- Born: Yewande Lawal Adebisi February 25, 1991 (age 35)
- Education: University of Lagos
- Occupations: Actress; Model;
- Years active: 2009–present
- Spouse: Wanri Simpson ​(m. 2018)​

= Wendy Lawal =

Nigerian actress and model

Yewande Lawal Simpson is a Nigerian actress and model. She was formerly known as Yewande Lawal Adebisi. She won Miss Lagos Carnival Pageant in 2012.

== Biography ==
She is the fifth of six children. Lawal married Wanri Simpson in 2018. She lost her mother in 2020.

=== Education ===
Lawal's primary and secondary education was in Nigeria. She also has a bachelor's degree in Creative Arts from the University of Lagos.

=== Career ===
Lawal's acting career started professionally in 2009 after featuring in the Nigerian television series Living in Lagos.

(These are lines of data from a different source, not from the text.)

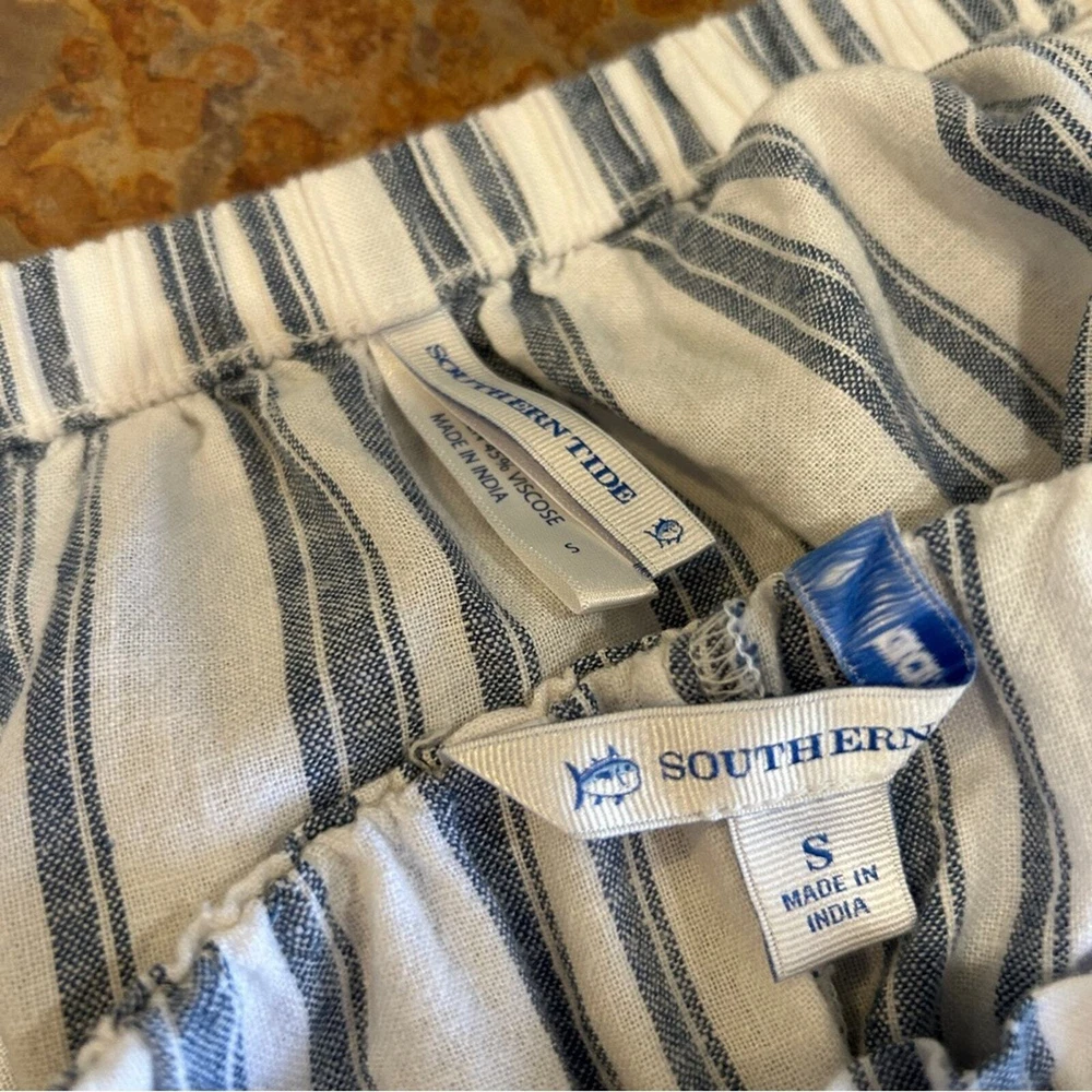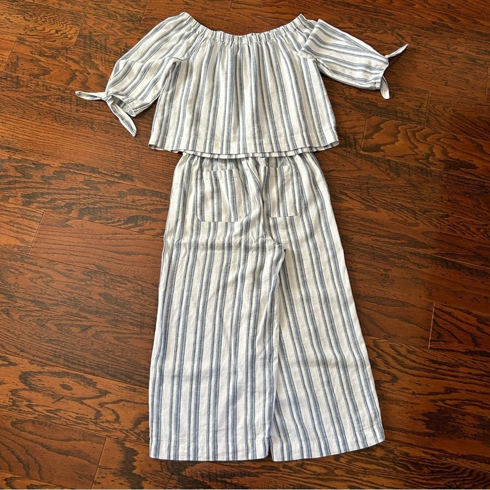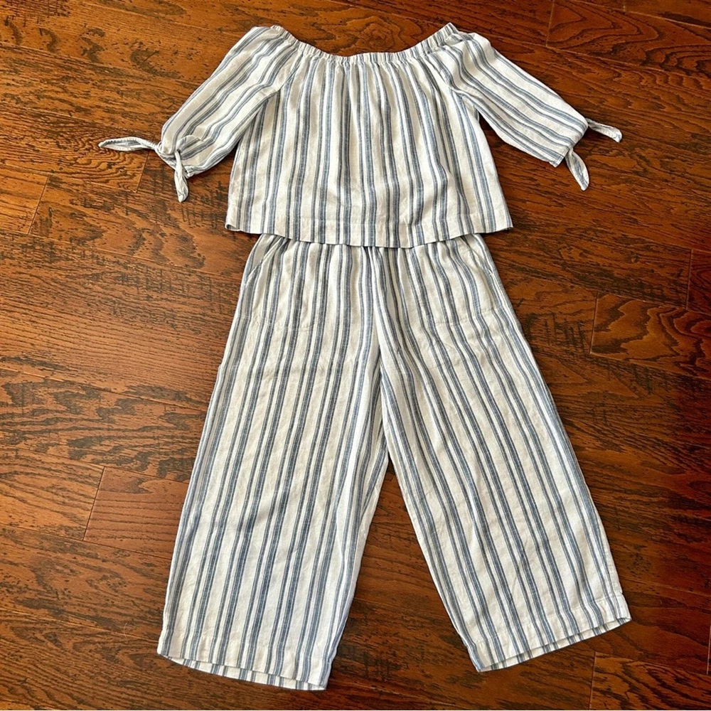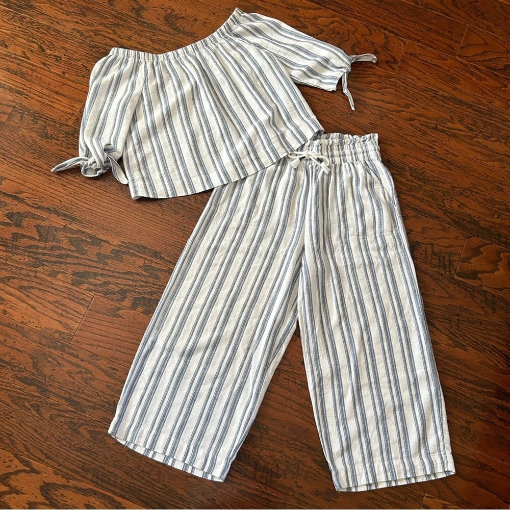 Southern Tide 2-Piece Set Crop Pants and off-the-shoulder Blouse Blue/White Stripes - Size Small Flawless - $175 Retail Elevate your daytime look with this Southern Tide striped wide leg crop pants and blouse set in Aged Denim Stripes. Easy-on drawstring waist provides ultimate comfort and the modern, cropped silhouette makes a great new addition to your wardrobe. The off-the-shoulder top has 3/4 sleeves with knots at hems. Regular fit. Top has off-the-shoulder neckline and three-quarter length sleeves. Allover stripe pattern. Tie detail on the wrist. Pants have crop length Wide Leg Ruffle edge on top of elastic waistband Front and back pockets Drawcord waistband 55% viscose, 45% linen. Machine wash, tumble dry Top approx. 19" armpit to armpit and 19" shoulder to hem Pants are 13/5" at elastic waist un-stretched 21" inseam and 22" leg opening Southern Tide Linen Blend 2-Piece Set Crop Pants and Blouse in Blue/White Stripes Size Small
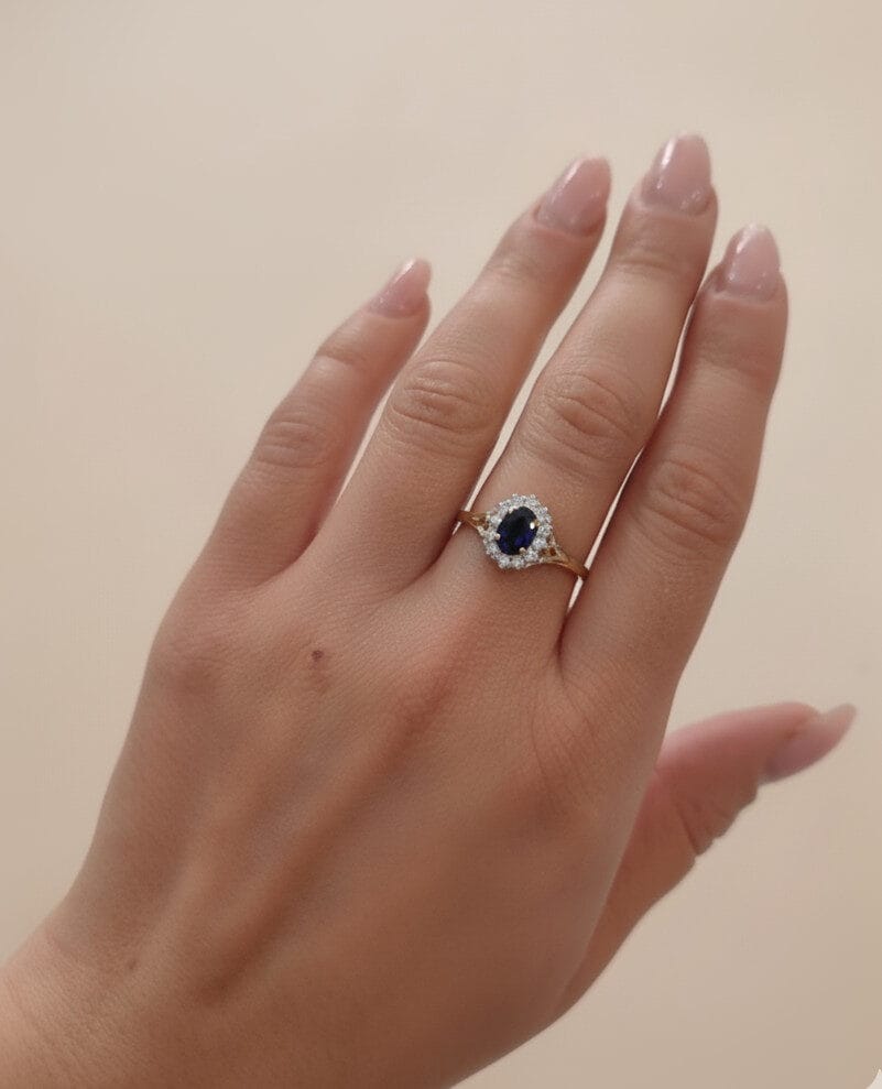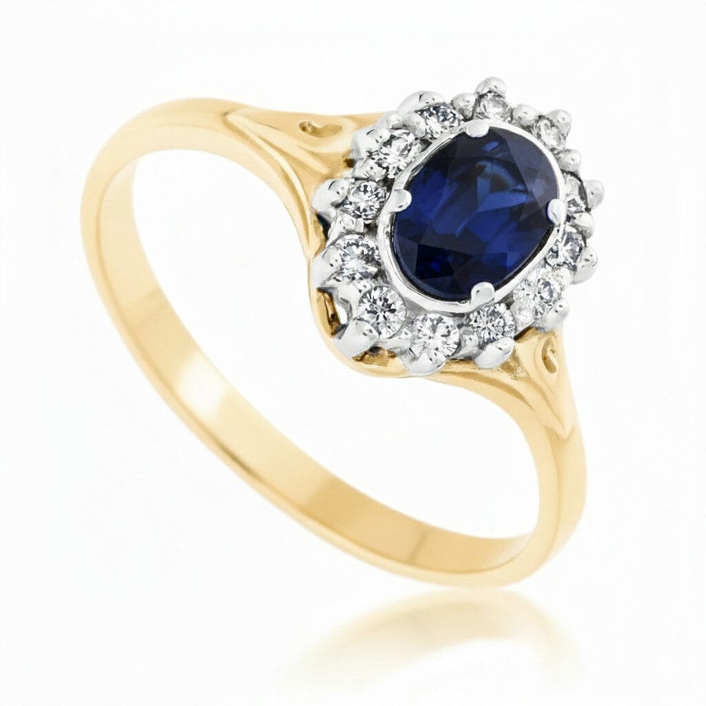 Centralnym punktem, który zdobi ten pierścionek zaręczynowy, jest naturalny szafir o owalnym szlifie i głębokiej, intensywnej barwie. Wybór tego kamienia to świadoma decyzja o rezygnacji z przewidywalnej klasyki na rzecz biżuterii o unikatowym charakterze. Szafir, ceniony za swoją twardość i dostojny blask, idealnie koresponduje z ciepłym odcieniem żółtego złota próby 585. Dla kogoś, kto ceni design i merytoryczne podejście do detali, ten model jest dowodem na to, że luksus tkwi w precyzyjnym doborze barw i szlachetnych materiałów.
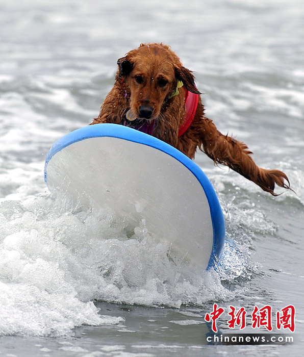 5月22日,美国加利福尼亚州圣迭戈举行了一场妙趣横生的狗狗冲浪比赛。图片来源:中国新闻网
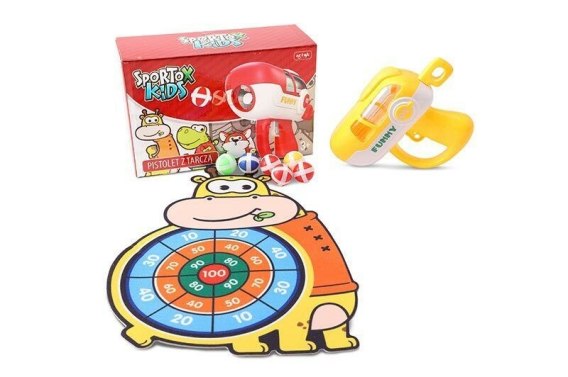 Pistolet z tarczą to świetna propozycja dynamicznej zabawy dla wszystkich dzieci, które uwielbiają różne aktywności na świeżym powietrzu. Zestaw składa się z wyprofilowanego pistoletu na kulki, miękkiej tarczy z kolorową punktacją i żyrafą oraz sześciu kulek na rzepy. Tarczę można zawiesić na dowolnej powierzchni. Zabawa polega na celowaniu i strzelaniu do tarczy używając pistoletu. Kulki przyczepiają się do tarczy za pomocą rzepów, co pozwala dzieciom śledzić swoje postępy i zapisywać uzyskane wyniki. Jest to doskonały sposób na rozwój koncentracji, koordynacji ruchów i wyobraźni dziecka. Strzelaj do tarczy i zdobywaj punkty! Zorganizuj turniej strzelecki i przekonaj się, kto jest najlepszym strzelcem!

She won the Miss Lagos Carnival Pageant and in the same year, she got a role to feature as Shoshanna in the Nigerian television soap opera Tinsel in 2012. She has also starred in short films, TV and web series such as: The Men's Club, Jemeji, Journey to Self, The Room, Out of Sight, Foreign Love, among others.

== Selected filmography ==
- Tinsel (2008)
- Journey to Self (2012), as Young Nse
- Our Best Friend's Wedding (2017), as Tolu
- The Men's Club (2018), as Shade
- The Auction (2018), as Wendy
- Jimeji (20)
- The Room (20)
- Unbreakable (2019), as Kunle
- The Set Up (2019), as Young Chike
- Things We Do in the Shadow (2022), as N.K.